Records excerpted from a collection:
----

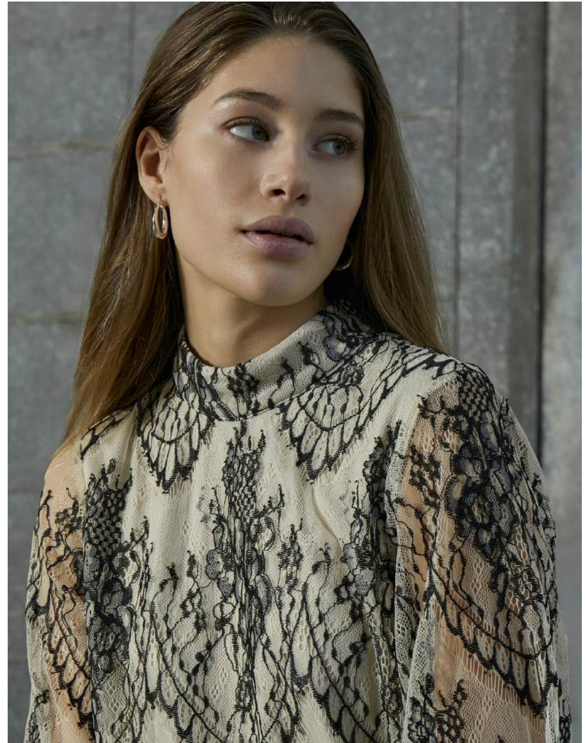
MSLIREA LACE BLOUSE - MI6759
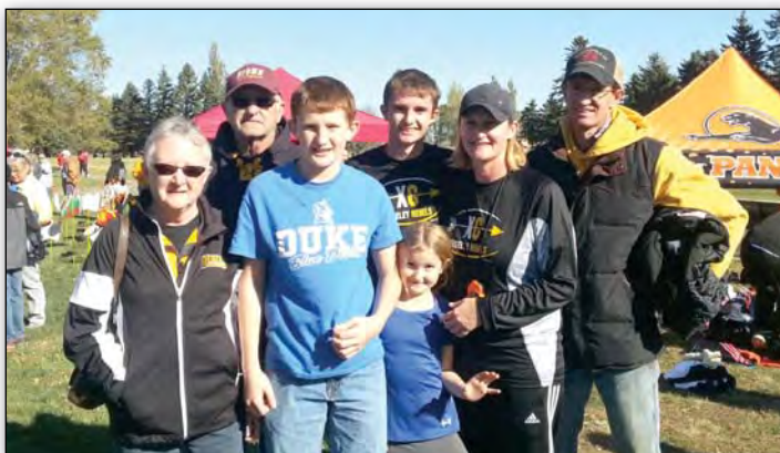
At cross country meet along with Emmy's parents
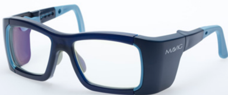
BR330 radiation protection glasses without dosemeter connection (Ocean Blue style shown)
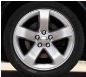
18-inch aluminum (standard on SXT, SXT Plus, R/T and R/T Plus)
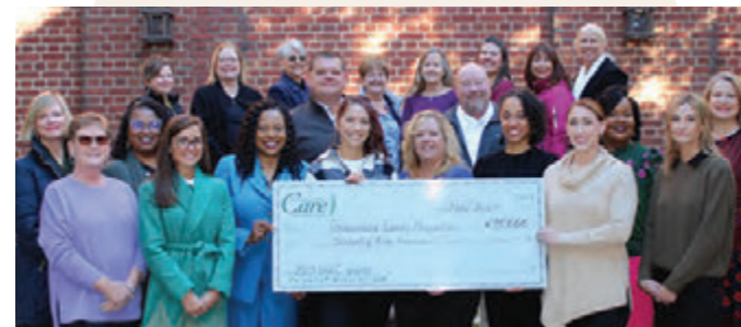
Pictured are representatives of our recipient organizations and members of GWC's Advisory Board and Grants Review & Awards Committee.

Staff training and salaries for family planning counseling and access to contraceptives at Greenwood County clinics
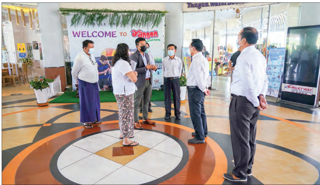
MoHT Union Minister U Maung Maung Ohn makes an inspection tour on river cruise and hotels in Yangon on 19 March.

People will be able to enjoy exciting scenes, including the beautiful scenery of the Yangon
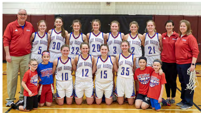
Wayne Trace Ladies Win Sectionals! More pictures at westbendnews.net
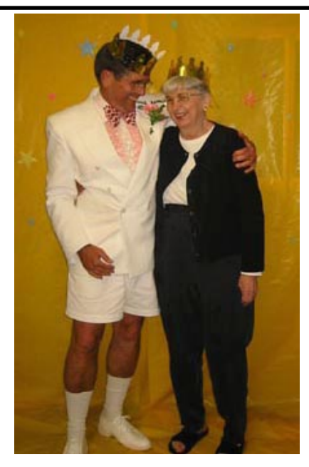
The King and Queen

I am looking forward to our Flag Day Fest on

----

» **TASK TO COMPLETE**
Nothing but the lines from the line holding "MoHT Union Minister" through the last line of the entries above is to be reproduced, exactly and without pictures.

» **TASK SOLUTION**
MoHT Union Minister U Maung Maung Ohn makes an inspection tour on river cruise and hotels in Yangon on 19 March.

People will be able to enjoy exciting scenes, including the beautiful scenery of the Yangon
Wayne Trace Ladies Win Sectionals! More pictures at westbendnews.net
The King and Queen

I am looking forward to our Flag Day Fest on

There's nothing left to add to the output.